John Hendy QC told the meeting that collective bargaining restored living standards after the economic crash of 1929/30. Austerity measures have exacerbated the trend of rising inequality which in itself is a cause of economic crisis.
Hendy told the meeting that the coverage of collective bargaining (including wage councils) has declined from 80 per cent in the eighties to a derisory 20 per cent – that’s eight out of 10 workers who have their wages determined at the whim of employers.
Collective bargaining on its own is not enough it needs to be tied to sectoral bargaining otherwise there will be a race to the bottom. We are seeing a low wage economy here and in America.
Although John Hendy said he didn’t want to concentrate on Transatlantic Trade Investment Partnership (TTIP) he nevertheless warned the meeting of the danger of another trade deal, the Canada European Trade Agreement (CETA), being rushed through so that it can be signed at a summit in September.
Despite a consultation on ISDS in TTIP that attracted more than a hundred and fifty thousand responses, the EU Commission has not analysed comments and is instead using CETA as a means to embed the special courts of the ISDS.

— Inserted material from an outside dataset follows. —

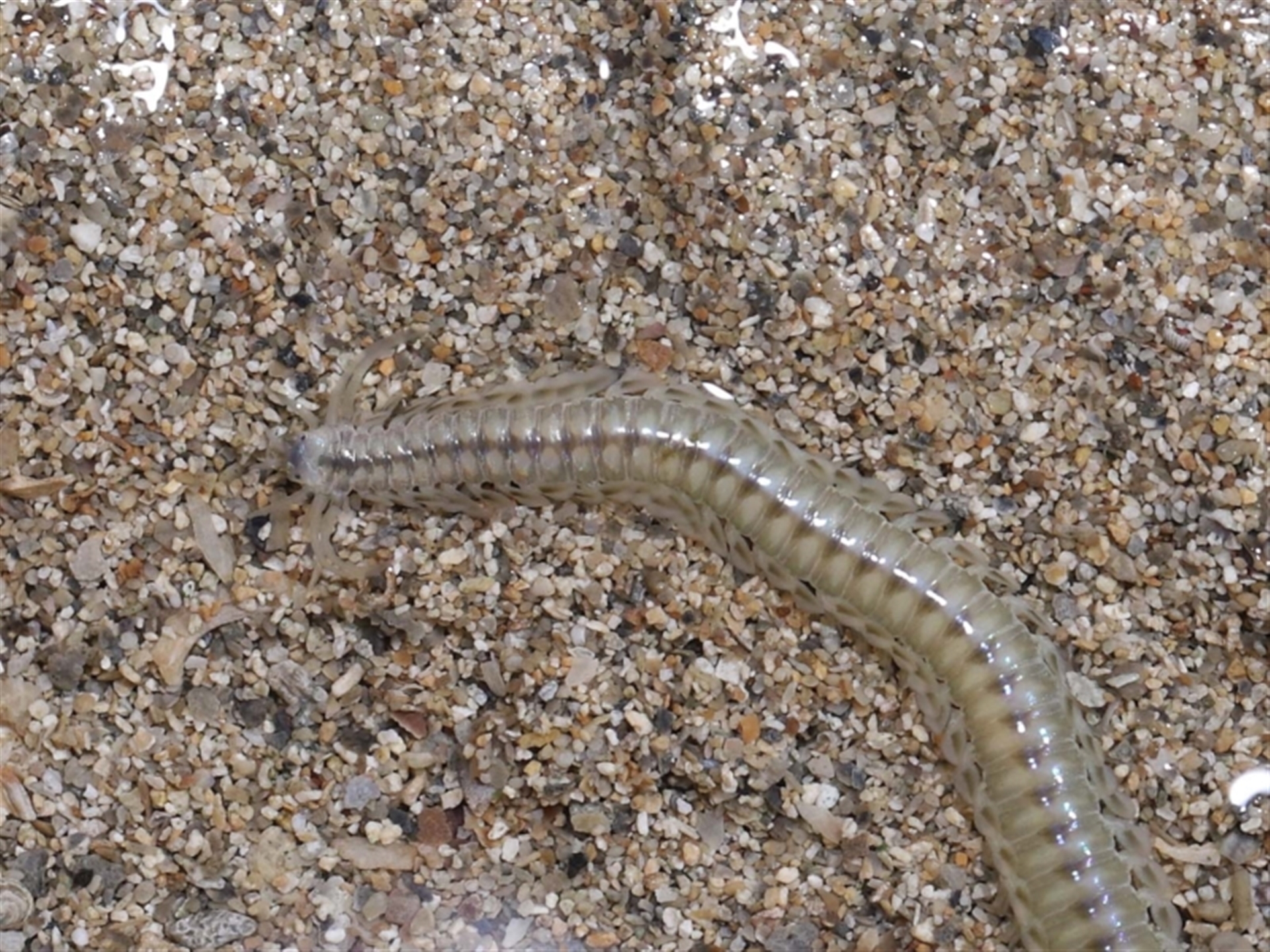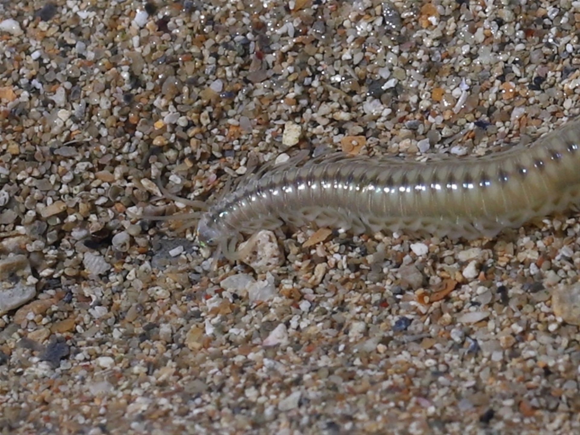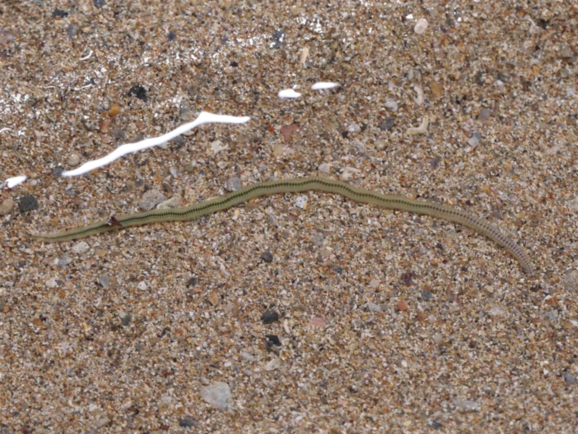 Three widely separated groupings of these creatures were seen across the flats during low tide. They had the appearance of centipedes, presumably some aquatic form. They were all in very shallow pools of water and typically within close proximity to each other but with no interaction. The largest group had 6 individuals, none of which took any notice of us being close by. The head end is seen in the final two images and the approximate size can be gauged from the third image. Thanks to Barbara for the initial sighting.

“Lawyers”, Hendy argued, “will act as arbitrators while unions will be locked out.”
These trade deals are fundamentally undemocratic with power being transferred from nation states to multinationals who can sue if there is a hint of a ‘free trade barrier’.
“These trade deals must be resisted.” Hendy proclaimed.
In a barn-storming speech, Len McCluskey, general secretary of Unite, said that unions have a right to be respected: “It is a scandal that in the twenty first century people are scared to join a trade union”.
On the economy he said that trickle down has never worked and austerity isn’t working either. Even Germany is now going backwards. But he believed that the Labour programme would provide a new deal that will give people hope.
Len said that while the union has taken a position of neutrality in the Scottish referendum, what is happening in Scotland is an explosion of interest in politics with queues forming to register to vote. He said it was reminiscent of the scenes in South Africa following the collapse of apartheid when lines of black people wanting to vote.
“The ruling elite are happy with apathy”, Len told the meeting, “but we have to get the vote out. If we don’t it will be the end of the National Health Service.”
In a rallying call he said Labour has to enthuse our people to go out on the doorstep to return a Labour government.